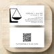 Minimal business card for lawyers featuring an abstract illustration of the scales of justice and your name, title (Attorney At Law, Counsellor, Partner, etc.) and contact information (such as email, telephone numbers, firm name and mailing address) in clean, simple and modern lettering. On the back, input a web address to create a scannable QR code linked to your website and add additional text or leave blank.
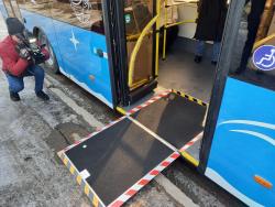 Электробус рассчитан на людей с ограниченными возможностями здоровья. Здесь имеется пандус, а сама машина низкопольная, что очень удобно для пожилых.
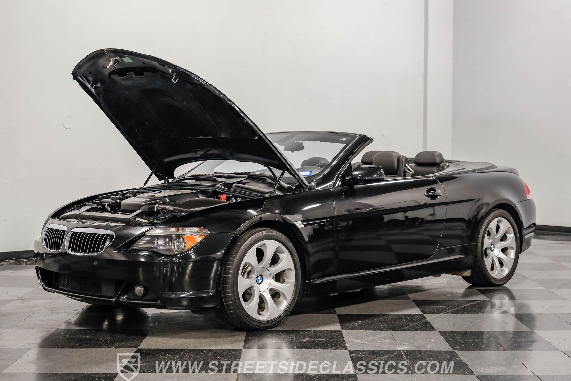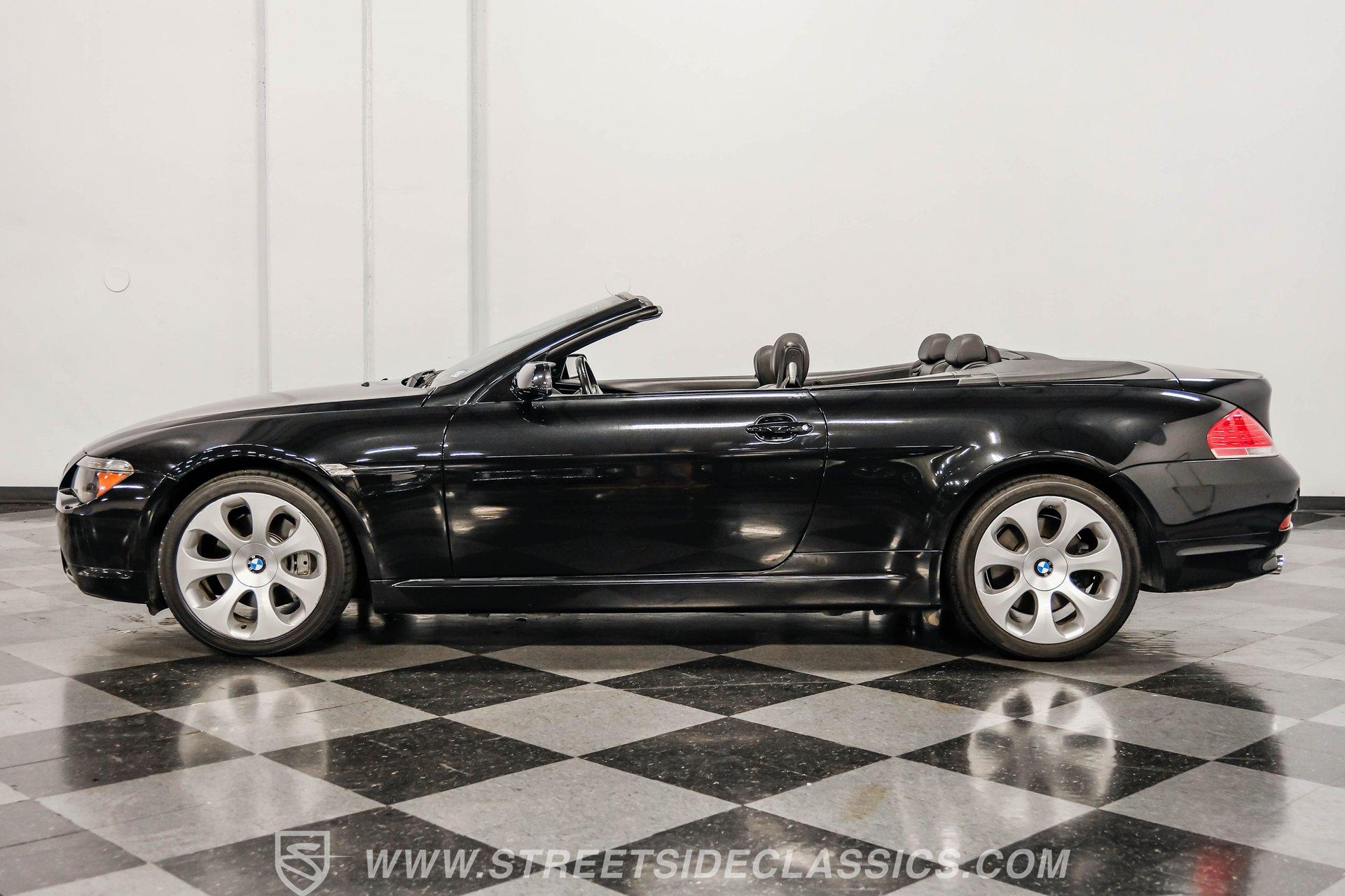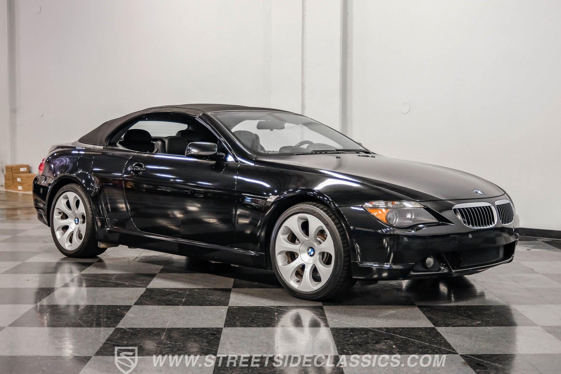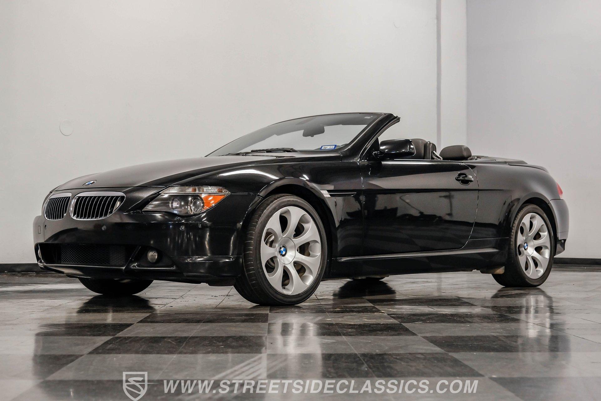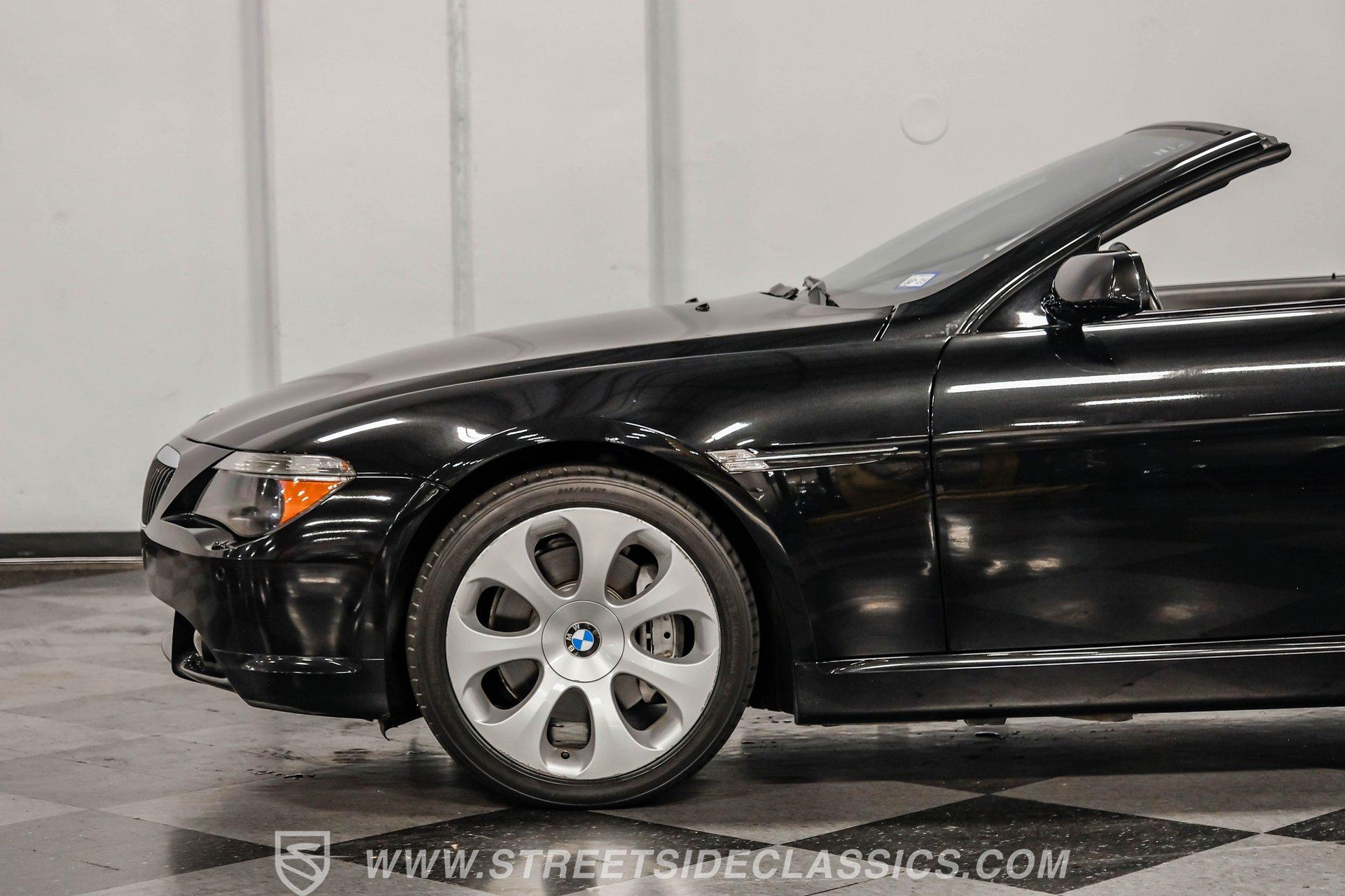 Sleek, sophisticated, and ready for the road, this 2006 BMW 650i Convertible shows off its Black Diamond metallic paint with understated elegance. German craftsmanship is evident in every curve and angle of this high-performance convertible. The black power-operated soft top gives you two cars in one – an open-air cruiser when down or a sleek coupe when up. Sitting on 19-inch alloy wheels, this BMW gives a planted, confident stance. The rubber meets the road with 245/40R19 Michelin tires up front and wider 275/35ZR19 Continental tires at the rear for optimal handling. Inside this BMW, black leather covers the supportive bucket seats that keep you planted during spirited driving. The driver-centric layout puts all controls at your fingertips, with the floor-mounted shifter and steering wheel paddle shifters offering multiple ways to control the transmission. The heads-up display projects speed and navigation information directly onto the windshield, keeping your eyes on the road. Dual-zone climate control maintains your ideal cabin temperature, while the power-adjustable heated seats offer personalized comfort for driver and passenger alike. Powering this 650i is a potent 4.8-liter V8 engine that generates strong acceleration and passing power. The 6-speed automatic transmission with SMG technology shifts smoothly in automatic mode or gives you direct control via the paddle shifters. This BMW's independent suspension system at all four corners absorbs bumps while keeping the car firmly planted in corners. When it's time to slow down, the four-wheel power disc brakes with anti-lock technology provide sure-footed stopping ability. The dual exhaust system produces a refined note that never overwhelms the luxury experience. HIGHLIGHTS: 4.8L V8 Engine 6-Speed Automatic Transmission with SMG Technology Independent Front and Rear Suspension Dual Exhaust System Black Diamond Metallic Paint Power Convertible Top 19" Alloy Wheels 245/40R19 Michelin Front, 275/35ZR19 Continental Rear Tires Black Leather Interior with Power Heated Bucket Seats Memory Seat Package Dual Zone Air Conditioning Paddle Shift AM/FM/XM Radio with CD Changer Heads-Up Display Navigation System Back-Up Camera Clean CarFax With just 81,456 miles on the odometer and a clean Carfax report, this 2006 BMW 650i Convertible combines V8 power, luxury appointments, and open-air enjoyment in one exceptional package. Call today!

- _Task item_:
When copying the listing above, begin at its first line and stop after the line with "Электробус рассчитан на", keeping each line exact and dropping the pictures.

- _Output_:
 Minimal business card for lawyers featuring an abstract illustration of the scales of justice and your name, title (Attorney At Law, Counsellor, Partner, etc.) and contact information (such as email, telephone numbers, firm name and mailing address) in clean, simple and modern lettering. On the back, input a web address to create a scannable QR code linked to your website and add additional text or leave blank.
 Электробус рассчитан на людей с ограниченными возможностями здоровья. Здесь имеется пандус, а сама машина низкопольная, что очень удобно для пожилых.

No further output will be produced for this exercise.